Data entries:
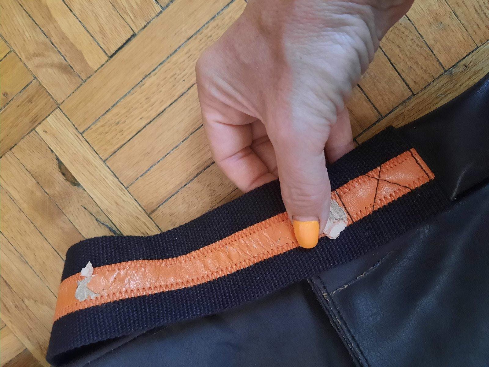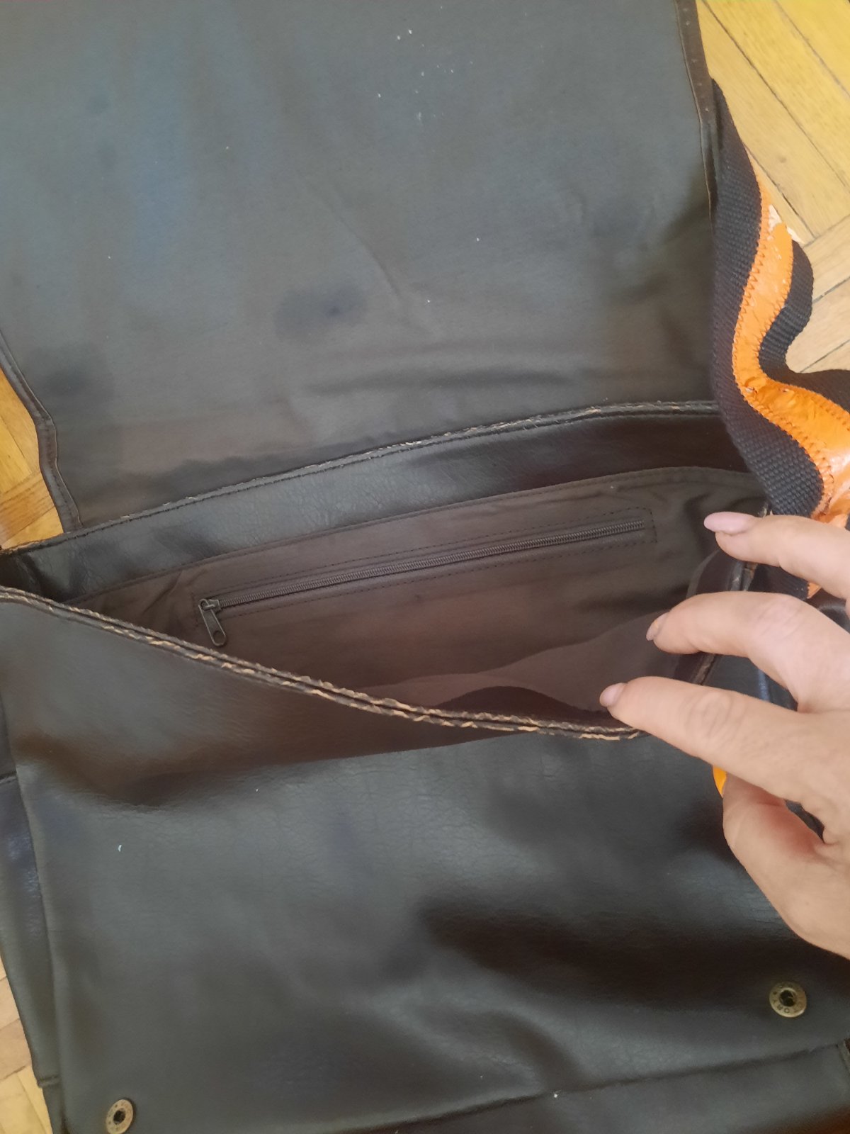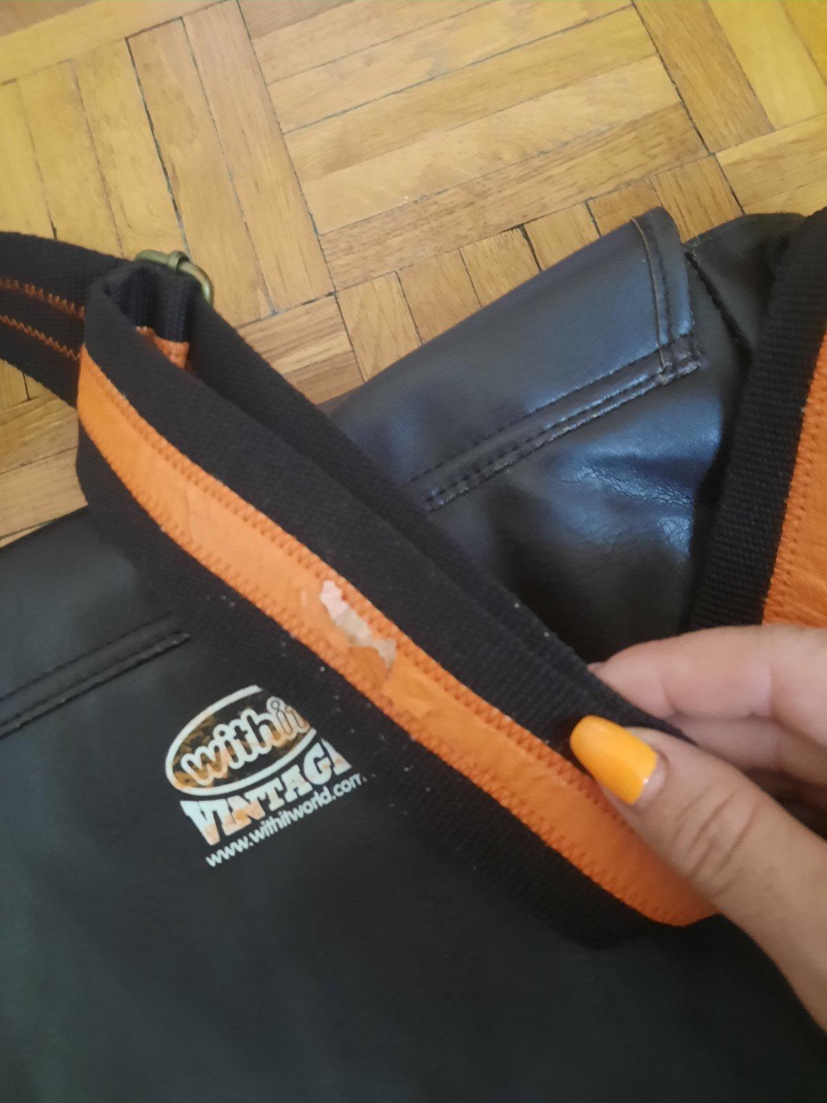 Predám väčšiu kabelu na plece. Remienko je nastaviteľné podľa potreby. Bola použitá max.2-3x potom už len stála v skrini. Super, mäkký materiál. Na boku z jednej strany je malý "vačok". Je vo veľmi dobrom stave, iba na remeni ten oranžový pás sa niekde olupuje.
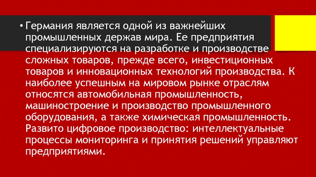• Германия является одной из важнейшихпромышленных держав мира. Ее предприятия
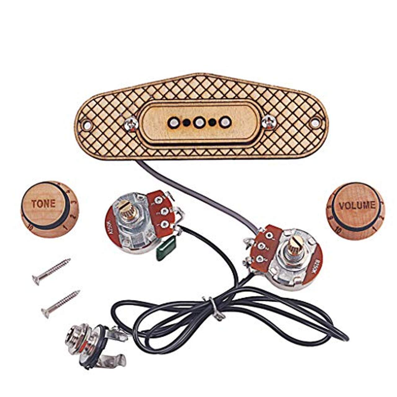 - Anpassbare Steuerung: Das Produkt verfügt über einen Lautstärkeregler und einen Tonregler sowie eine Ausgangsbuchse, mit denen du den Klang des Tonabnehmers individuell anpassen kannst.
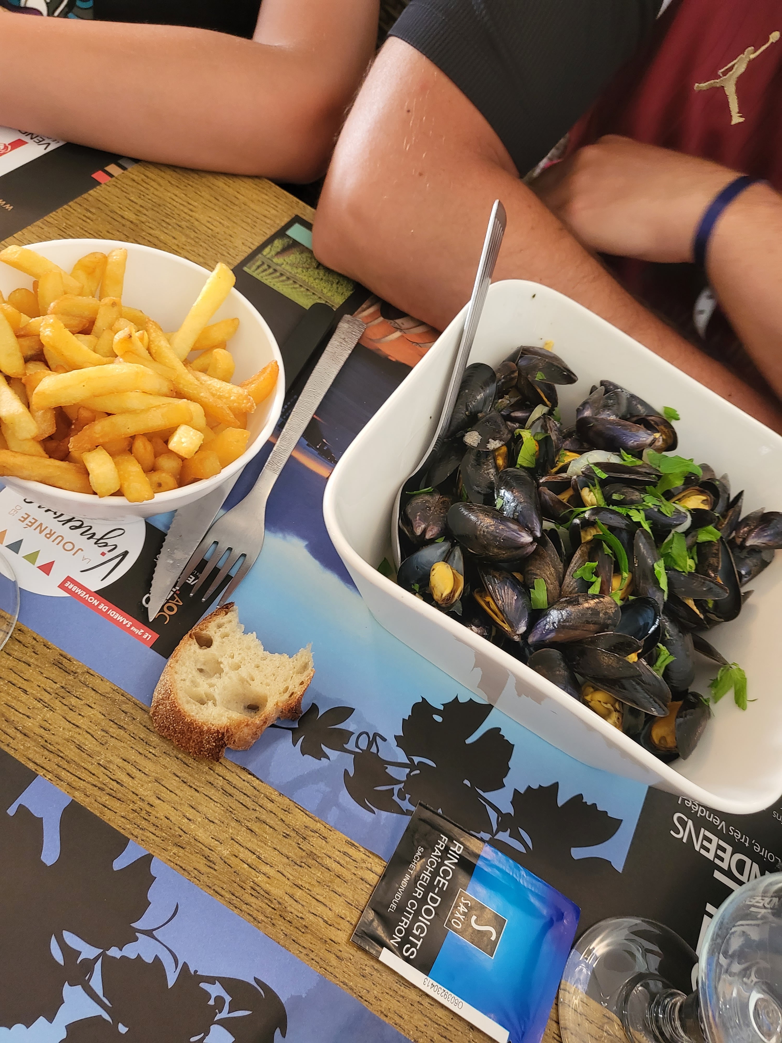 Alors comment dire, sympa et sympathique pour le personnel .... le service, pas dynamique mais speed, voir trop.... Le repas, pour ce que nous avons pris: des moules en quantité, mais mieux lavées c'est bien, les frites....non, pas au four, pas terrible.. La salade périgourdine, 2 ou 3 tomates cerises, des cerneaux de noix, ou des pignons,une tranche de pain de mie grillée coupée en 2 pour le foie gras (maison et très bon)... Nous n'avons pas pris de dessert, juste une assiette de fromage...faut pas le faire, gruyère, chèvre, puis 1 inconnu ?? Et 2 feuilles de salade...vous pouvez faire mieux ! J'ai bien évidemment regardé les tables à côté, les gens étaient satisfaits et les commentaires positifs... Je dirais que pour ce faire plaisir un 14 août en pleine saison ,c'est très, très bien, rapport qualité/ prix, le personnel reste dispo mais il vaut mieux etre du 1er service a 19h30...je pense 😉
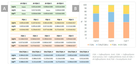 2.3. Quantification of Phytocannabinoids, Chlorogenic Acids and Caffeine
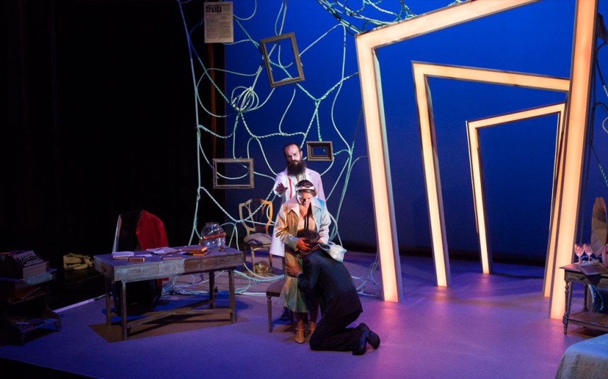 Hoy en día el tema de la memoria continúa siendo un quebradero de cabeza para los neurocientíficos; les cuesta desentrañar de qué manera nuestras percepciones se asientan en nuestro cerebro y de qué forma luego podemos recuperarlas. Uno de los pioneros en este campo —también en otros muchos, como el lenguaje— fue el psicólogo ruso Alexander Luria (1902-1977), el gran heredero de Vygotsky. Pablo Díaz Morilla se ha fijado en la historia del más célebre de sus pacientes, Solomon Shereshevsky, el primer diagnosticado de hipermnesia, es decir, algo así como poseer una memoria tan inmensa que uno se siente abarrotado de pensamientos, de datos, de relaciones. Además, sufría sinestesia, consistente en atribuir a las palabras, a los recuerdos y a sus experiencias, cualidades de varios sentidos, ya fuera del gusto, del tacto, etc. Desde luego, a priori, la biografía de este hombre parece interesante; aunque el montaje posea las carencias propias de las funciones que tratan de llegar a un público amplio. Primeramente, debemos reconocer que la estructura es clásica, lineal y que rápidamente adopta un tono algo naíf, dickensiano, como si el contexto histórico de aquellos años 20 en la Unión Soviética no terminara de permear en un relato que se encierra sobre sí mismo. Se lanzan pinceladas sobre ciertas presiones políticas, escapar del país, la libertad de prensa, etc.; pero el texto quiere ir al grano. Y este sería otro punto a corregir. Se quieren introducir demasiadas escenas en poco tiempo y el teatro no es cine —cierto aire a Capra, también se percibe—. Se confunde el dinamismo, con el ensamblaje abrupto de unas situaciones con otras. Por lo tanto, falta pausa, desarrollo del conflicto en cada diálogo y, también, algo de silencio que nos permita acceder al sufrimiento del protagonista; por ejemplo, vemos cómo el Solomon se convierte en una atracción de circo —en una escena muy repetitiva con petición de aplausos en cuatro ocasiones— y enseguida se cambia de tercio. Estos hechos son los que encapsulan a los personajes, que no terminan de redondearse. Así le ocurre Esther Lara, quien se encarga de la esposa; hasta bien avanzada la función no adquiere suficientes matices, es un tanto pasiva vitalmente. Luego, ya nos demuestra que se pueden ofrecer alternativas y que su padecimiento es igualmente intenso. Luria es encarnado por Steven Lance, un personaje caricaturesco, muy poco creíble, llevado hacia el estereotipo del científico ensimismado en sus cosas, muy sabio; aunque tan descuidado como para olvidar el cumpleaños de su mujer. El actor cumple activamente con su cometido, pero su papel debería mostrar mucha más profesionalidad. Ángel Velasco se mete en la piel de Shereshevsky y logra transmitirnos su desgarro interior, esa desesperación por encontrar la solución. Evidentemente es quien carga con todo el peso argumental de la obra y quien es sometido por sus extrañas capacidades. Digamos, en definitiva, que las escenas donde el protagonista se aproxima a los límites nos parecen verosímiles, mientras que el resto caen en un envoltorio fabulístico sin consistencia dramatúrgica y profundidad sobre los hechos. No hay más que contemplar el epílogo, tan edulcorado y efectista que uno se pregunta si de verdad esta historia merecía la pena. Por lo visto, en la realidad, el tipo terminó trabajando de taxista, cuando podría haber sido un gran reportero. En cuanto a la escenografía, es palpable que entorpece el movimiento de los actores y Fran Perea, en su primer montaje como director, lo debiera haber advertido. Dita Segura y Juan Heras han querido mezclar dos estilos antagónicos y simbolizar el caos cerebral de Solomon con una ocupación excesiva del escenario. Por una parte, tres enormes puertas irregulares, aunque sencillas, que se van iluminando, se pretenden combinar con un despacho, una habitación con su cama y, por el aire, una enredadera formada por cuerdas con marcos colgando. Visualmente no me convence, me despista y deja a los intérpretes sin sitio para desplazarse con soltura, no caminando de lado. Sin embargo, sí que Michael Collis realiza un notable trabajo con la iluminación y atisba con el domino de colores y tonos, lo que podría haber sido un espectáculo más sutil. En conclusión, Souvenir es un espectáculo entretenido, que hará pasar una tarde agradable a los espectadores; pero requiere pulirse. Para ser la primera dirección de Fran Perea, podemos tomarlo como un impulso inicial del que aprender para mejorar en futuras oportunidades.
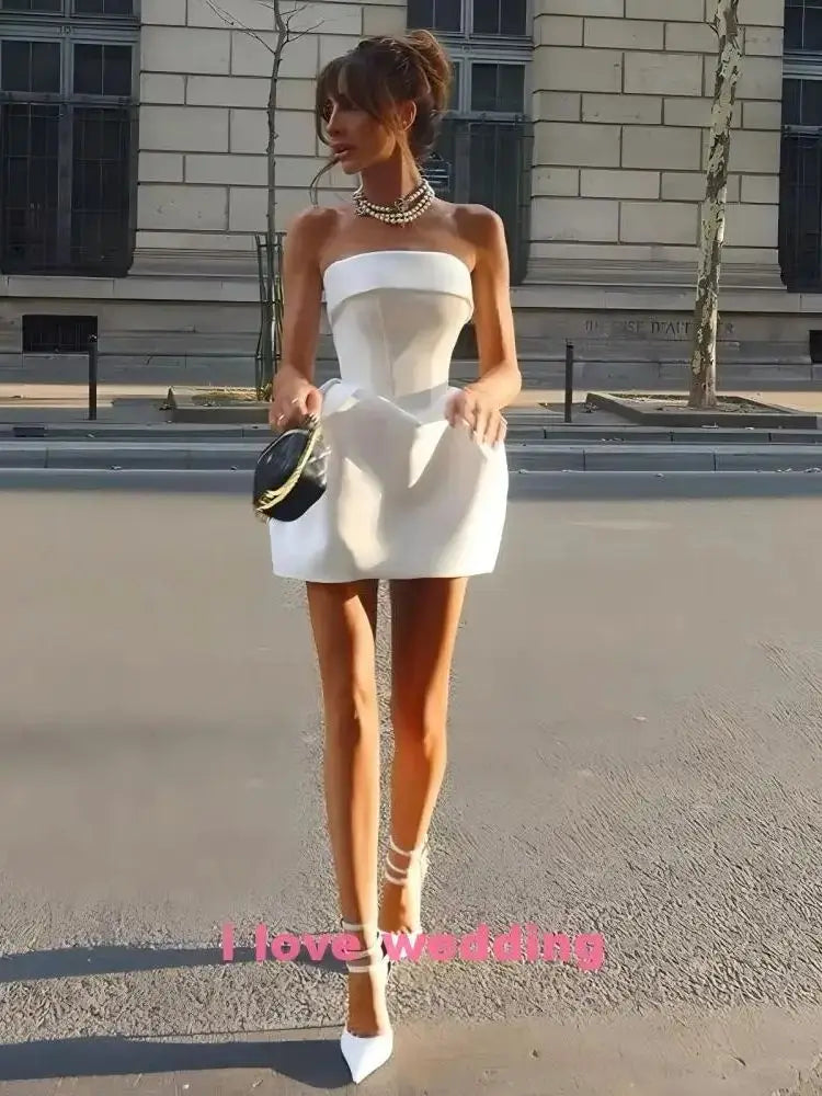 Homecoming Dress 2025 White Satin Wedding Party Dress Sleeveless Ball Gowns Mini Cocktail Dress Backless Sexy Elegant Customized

## EXERCISE BRIEF
Set down all the entries above verbatim, and include none of the pictures.

## WRITTEN RESPONSE
 Predám väčšiu kabelu na plece. Remienko je nastaviteľné podľa potreby. Bola použitá max.2-3x potom už len stála v skrini. Super, mäkký materiál. Na boku z jednej strany je malý "vačok". Je vo veľmi dobrom stave, iba na remeni ten oranžový pás sa niekde olupuje.
• Германия является одной из важнейшихпромышленных держав мира. Ее предприятия
 - Anpassbare Steuerung: Das Produkt verfügt über einen Lautstärkeregler und einen Tonregler sowie eine Ausgangsbuchse, mit denen du den Klang des Tonabnehmers individuell anpassen kannst.
 Alors comment dire, sympa et sympathique pour le personnel .... le service, pas dynamique mais speed, voir trop.... Le repas, pour ce que nous avons pris: des moules en quantité, mais mieux lavées c'est bien, les frites....non, pas au four, pas terrible.. La salade périgourdine, 2 ou 3 tomates cerises, des cerneaux de noix, ou des pignons,une tranche de pain de mie grillée coupée en 2 pour le foie gras (maison et très bon)... Nous n'avons pas pris de dessert, juste une assiette de fromage...faut pas le faire, gruyère, chèvre, puis 1 inconnu ?? Et 2 feuilles de salade...vous pouvez faire mieux ! J'ai bien évidemment regardé les tables à côté, les gens étaient satisfaits et les commentaires positifs... Je dirais que pour ce faire plaisir un 14 août en pleine saison ,c'est très, très bien, rapport qualité/ prix, le personnel reste dispo mais il vaut mieux etre du 1er service a 19h30...je pense 😉
 2.3. Quantification of Phytocannabinoids, Chlorogenic Acids and Caffeine
 Hoy en día el tema de la memoria continúa siendo un quebradero de cabeza para los neurocientíficos; les cuesta desentrañar de qué manera nuestras percepciones se asientan en nuestro cerebro y de qué forma luego podemos recuperarlas. Uno de los pioneros en este campo —también en otros muchos, como el lenguaje— fue el psicólogo ruso Alexander Luria (1902-1977), el gran heredero de Vygotsky. Pablo Díaz Morilla se ha fijado en la historia del más célebre de sus pacientes, Solomon Shereshevsky, el primer diagnosticado de hipermnesia, es decir, algo así como poseer una memoria tan inmensa que uno se siente abarrotado de pensamientos, de datos, de relaciones. Además, sufría sinestesia, consistente en atribuir a las palabras, a los recuerdos y a sus experiencias, cualidades de varios sentidos, ya fuera del gusto, del tacto, etc. Desde luego, a priori, la biografía de este hombre parece interesante; aunque el montaje posea las carencias propias de las funciones que tratan de llegar a un público amplio. Primeramente, debemos reconocer que la estructura es clásica, lineal y que rápidamente adopta un tono algo naíf, dickensiano, como si el contexto histórico de aquellos años 20 en la Unión Soviética no terminara de permear en un relato que se encierra sobre sí mismo. Se lanzan pinceladas sobre ciertas presiones políticas, escapar del país, la libertad de prensa, etc.; pero el texto quiere ir al grano. Y este sería otro punto a corregir. Se quieren introducir demasiadas escenas en poco tiempo y el teatro no es cine —cierto aire a Capra, también se percibe—. Se confunde el dinamismo, con el ensamblaje abrupto de unas situaciones con otras. Por lo tanto, falta pausa, desarrollo del conflicto en cada diálogo y, también, algo de silencio que nos permita acceder al sufrimiento del protagonista; por ejemplo, vemos cómo el Solomon se convierte en una atracción de circo —en una escena muy repetitiva con petición de aplausos en cuatro ocasiones— y enseguida se cambia de tercio. Estos hechos son los que encapsulan a los personajes, que no terminan de redondearse. Así le ocurre Esther Lara, quien se encarga de la esposa; hasta bien avanzada la función no adquiere suficientes matices, es un tanto pasiva vitalmente. Luego, ya nos demuestra que se pueden ofrecer alternativas y que su padecimiento es igualmente intenso. Luria es encarnado por Steven Lance, un personaje caricaturesco, muy poco creíble, llevado hacia el estereotipo del científico ensimismado en sus cosas, muy sabio; aunque tan descuidado como para olvidar el cumpleaños de su mujer. El actor cumple activamente con su cometido, pero su papel debería mostrar mucha más profesionalidad. Ángel Velasco se mete en la piel de Shereshevsky y logra transmitirnos su desgarro interior, esa desesperación por encontrar la solución. Evidentemente es quien carga con todo el peso argumental de la obra y quien es sometido por sus extrañas capacidades. Digamos, en definitiva, que las escenas donde el protagonista se aproxima a los límites nos parecen verosímiles, mientras que el resto caen en un envoltorio fabulístico sin consistencia dramatúrgica y profundidad sobre los hechos. No hay más que contemplar el epílogo, tan edulcorado y efectista que uno se pregunta si de verdad esta historia merecía la pena. Por lo visto, en la realidad, el tipo terminó trabajando de taxista, cuando podría haber sido un gran reportero. En cuanto a la escenografía, es palpable que entorpece el movimiento de los actores y Fran Perea, en su primer montaje como director, lo debiera haber advertido. Dita Segura y Juan Heras han querido mezclar dos estilos antagónicos y simbolizar el caos cerebral de Solomon con una ocupación excesiva del escenario. Por una parte, tres enormes puertas irregulares, aunque sencillas, que se van iluminando, se pretenden combinar con un despacho, una habitación con su cama y, por el aire, una enredadera formada por cuerdas con marcos colgando. Visualmente no me convence, me despista y deja a los intérpretes sin sitio para desplazarse con soltura, no caminando de lado. Sin embargo, sí que Michael Collis realiza un notable trabajo con la iluminación y atisba con el domino de colores y tonos, lo que podría haber sido un espectáculo más sutil. En conclusión, Souvenir es un espectáculo entretenido, que hará pasar una tarde agradable a los espectadores; pero requiere pulirse. Para ser la primera dirección de Fran Perea, podemos tomarlo como un impulso inicial del que aprender para mejorar en futuras oportunidades.
 Homecoming Dress 2025 White Satin Wedding Party Dress Sleeveless Ball Gowns Mini Cocktail Dress Backless Sexy Elegant Customized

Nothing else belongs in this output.